Mais dans les Maritimes, rien de tel n’est au programme.
Sur la côte Atlantique, ce sont les provinces qui sont responsables de l’aquaculture et qui décident du sort de cette industrie. L’appui des provinces y semble acquis.
Une vidéo qui fait la promotion de l’élevage des saumons en mer auprès des enfants a été produite par l’industrie et met en vedette Margaret Johnson, ex-ministre conservatrice du Nouveau-Brunswick responsable de l’aquaculture.

Margaret Johnson fait la promotion de l’élevage des saumons en mer auprès des enfants.
Photo : Atlantic Canada Fish Farmers Association
Les mesures qui sont en place sont appropriées, juge l’Association des pisciculteurs du Canada atlantique.
Pour l’instant, les provinces sont les principaux organes de réglementation et elles font un très bon travail, dit Susan A. Farquharson. Récemment, toutes les provinces ont signé un protocole d’entente en faveur de la poursuite de l’élevage du saumon en mer dans le Canada atlantique. Je ne crois pas que ça changera prochainement, heureusement.

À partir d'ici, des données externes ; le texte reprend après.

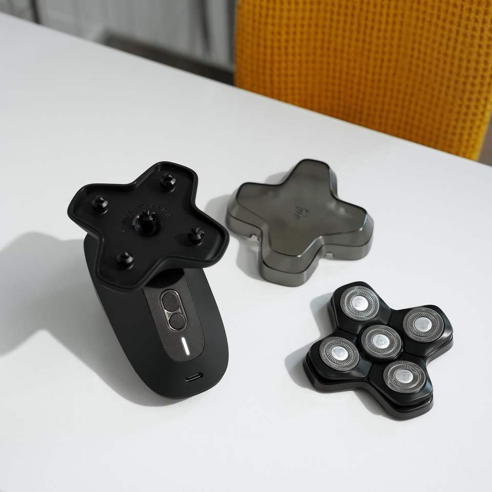 Rasoir Électrique Rotatif à Cinq Lames pour Hommes, Étanche IPX7, Recharge Sans Fil USB-C, Compatible Visage et Corps, Lavable
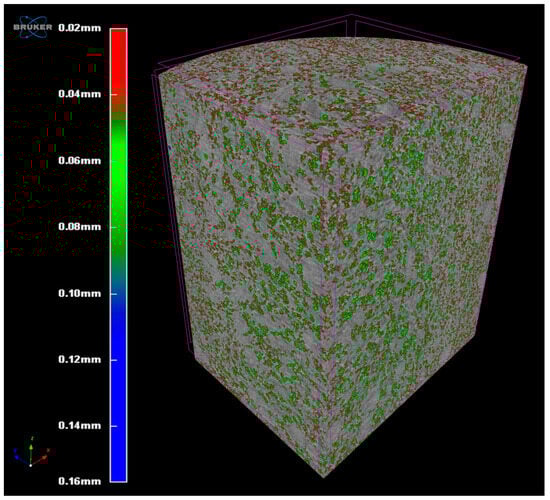 Looking at Figure 4, it can be said that the distribution of the air bubbles in the matrix is homogeneous. Inside the sample, we did not find any larger voids, indicating the uneven distribution of air or quick bubble coalescence during the molding process of the hot-foamed compositions. The scans also confirmed that a closed-cell structure was created. Negligible amounts of voids were found to be open to the environment, and the outer layer of our sample was smooth.

Je demande tout le temps pourquoi on traite l’océan Pacifique différemment de l’océan Atlantique
, commente toutefois Brian Muldoon.
Pour lui et ses alliés en Nouvelle-Écosse, la bataille ne fait que commencer. Le sourire en coin, il fait remarquer que sur les plaques d’immatriculation de la province on lit Canada's Ocean Playground
(Le terrain de jeu océanique du Canada).
Les gens du monde entier, quand ils entendent parler de la Nouvelle-Écosse, ils imaginent des côtes rocheuses, des plages de sable… mais pas de fermes d’élevage
, fait valoir M. Muldoon.
On peut gagner cette bataille parce qu’on s’unit, ajoute-t-il. On se serre les coudes et on tient tête [aux gens de l'industrie]. Maintenant, on doit s’assurer qu’ils nous écoutent.